When the Trump administration ended the $2,000 federal tax credit for heat pumps on December 31, 2025, many observers expected a sharp drop in sales, the kind of cliff that hit electric vehicles when their $7,500 tax credit expired three months earlier. EV sales plummeted before beginning a slow recovery.
That is not what happened with heat pumps.
In the first quarter of 2026, US heat pump shipments were flat from December to January and then rose gradually through the spring, a stronger seasonal uptick than in previous years. Heat pumps outsold natural-gas furnaces by 32% in Q1 2026, continuing a trend that has now held for four consecutive years. Over the past 15 years, heat pump sales in the US have doubled.
“It appears that the U.S. market for heat pumps is strong enough that it does not depend on tax credits,” Lucas Davis, an energy economist at UC Berkeley, told MIT Technology Review in a new analysis.
A technology that reached escape velocity
The contrast with EVs is instructive. When the $7,500 EV tax credit ended in September 2025, sales fell off a cliff before beginning a slow normalization. Heat pumps, by contrast, barely broke stride.
The difference, analysts say, reflects the technology’s intrinsic value proposition. Heat pumps use electricity to move heat rather than generate it by burning fuel, a process that is two to four times more efficient than even the best gas furnace. The lower operating costs alone can justify the upfront investment, even without a subsidy.
“The tax credit was not the primary driver of adoption,” Casey Crownhart reports for MIT Technology Review. The heat pump market appears to have crossed a threshold where the technology sells itself.
A global trend
The US pattern mirrors broader global adoption. The International Energy Agency reports that China and Germany are also seeing strong heat pump growth, driven by a combination of regulation, rising gas prices, and growing consumer awareness.
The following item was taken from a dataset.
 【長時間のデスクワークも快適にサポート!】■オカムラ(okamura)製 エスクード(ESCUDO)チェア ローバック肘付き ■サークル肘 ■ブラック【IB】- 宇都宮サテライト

In the US, the Inflation Reduction Act of 2022 had included the $2,000 tax credit as part of a broader push to electrify buildings. Buildings account for roughly 13% of US greenhouse gas emissions directly (and more when indirect electricity emissions are included), making heat pump adoption a significant lever for decarbonization.
What the data shows
US heat pump shipments have doubled over the past 15 years. They have outsold gas furnaces every year since 2022. The post-credit plateau and gradual rise is the strongest signal yet that the technology is no longer dependent on federal incentives.
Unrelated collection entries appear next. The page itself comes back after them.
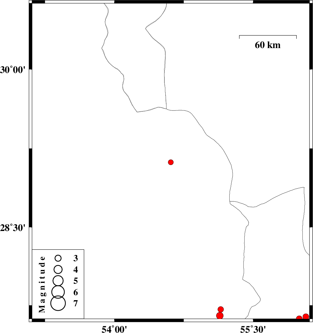 | 2007/07/21 | 05:20:15.9 | 08:50:15.9 | 27.71 | 55.15 | 37 | ML2.8 | 80 km East of Lar, Fars Province |
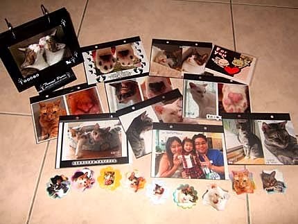 做一點小小的編輯,再買個喵喵圖案的桌上型相本。也作了九個喵喵寶貝的磁鐵(因為老師養了九隻貓)
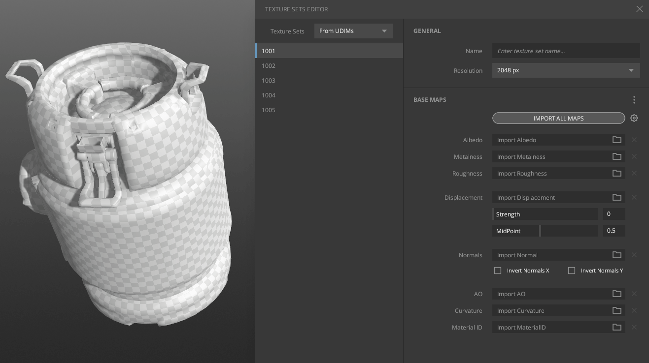 For models with multiple texture sets, Mixer helps you import and set up models based on two workflows, i.e., UDIM or material-based.
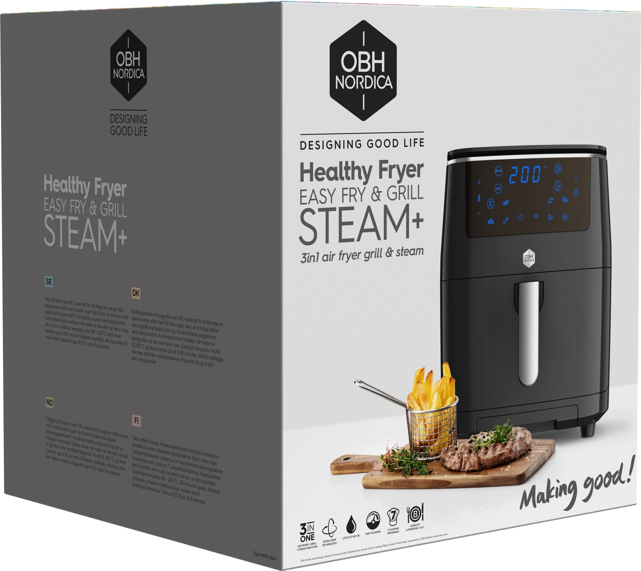 OBH Nordica Easy Fry & Steam Black – це універсальна мультипіч 3-в-1, що поєднує функції аерофритюрниці, пароварки та духовки. Завдяки потужності 1700 Вт і великій чаші на 6,5 л можна легко готувати страви для всієї родини. Сенсорне керування, широкий діапазон температур від 80°C до 200°C та 8 автоматичних програм забезпечують зручність та ідеальні результати приготування.
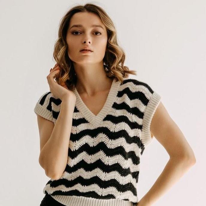 Le Gilet Jasmin, un véritable petit bijou créé en Suisse et crocheté à la main au Pérou, avec notre motif fleurs Jasmin .
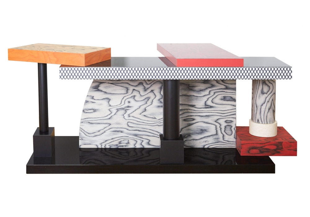 Tartar conçue par Ettore Sottsass pour Memphis Milano est une console en bois précomposé et stratifié plastique.
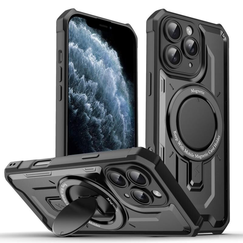 For iPhone 11 Pro Max Invisible Bracket MagSafe Magnetic Phone Case(Black)
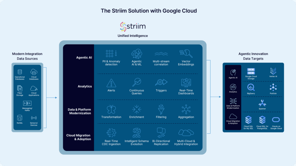 Striim serves as the company’s real-time data integration layer, continuously capturing change data from Oracle, PostgreSQL, and other systems via Change Data Capture (CDC). The data is enriched, transformed, and streamed into Google BigQuery within seconds, making it instantly available for analytics, AI, and operational decision-making.
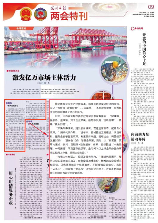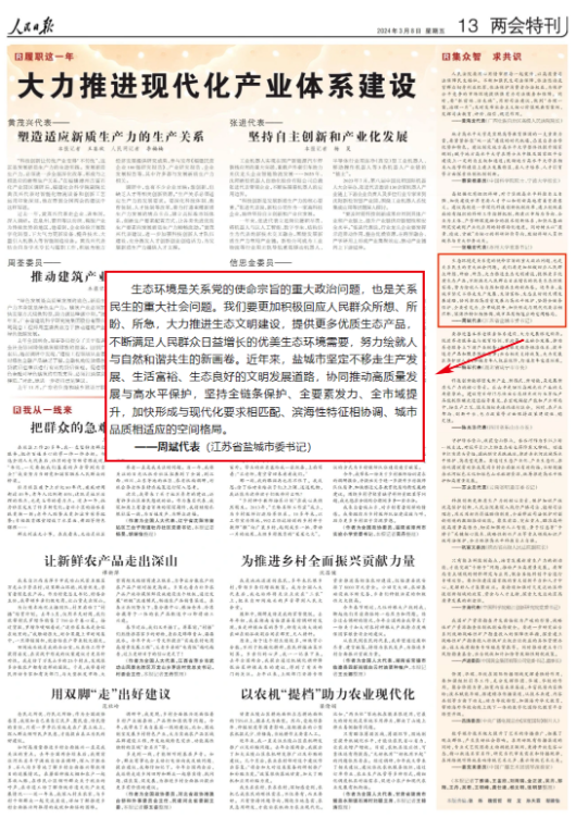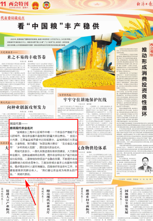“盐城是长三角中心区城市中唯一一个农业总产值超千亿元的城市,稳住农业基本盘是我们的重大政治责任。”全国人大代表、江苏省盐城市委书记周斌表示,盐城将践行大农业观、大食物观,努力建设“东部沿海大粮仓”“生态食品大超市”“乡村休闲大花园”,擦亮现代农业名片。

“There’s rarely a straight path to adoption for new technology,” Crownhart notes, but heat pumps appear to be overcoming their remaining roadblocks: upfront cost, installer availability, and cold-weather performance (modern cold-climate heat pumps maintain efficiency well below freezing).
MIT Technology Review had named heat pumps a breakthrough technology in 2024, a designation that now looks prescient. The technology’s resilience to the withdrawal of federal support suggests the US heat pump transition is no longer a policy-driven experiment, it is a market-driven reality.
Sources:
1. Crownhart, C. “Why heat pumps are still so hot in the US.” MIT Technology Review (16 July 2026). https://www.technologyreview.com/2026/07/16/1140505/heat-pump-sales-us/
2. Davis, L. “Will U.S. Households Still Buy Heat Pumps Without a Tax Credit?” Energy Institute at Haas blog (13 July 2026).
3. IEA, “Global Energy Review 2026: Technology — Heat Pumps.”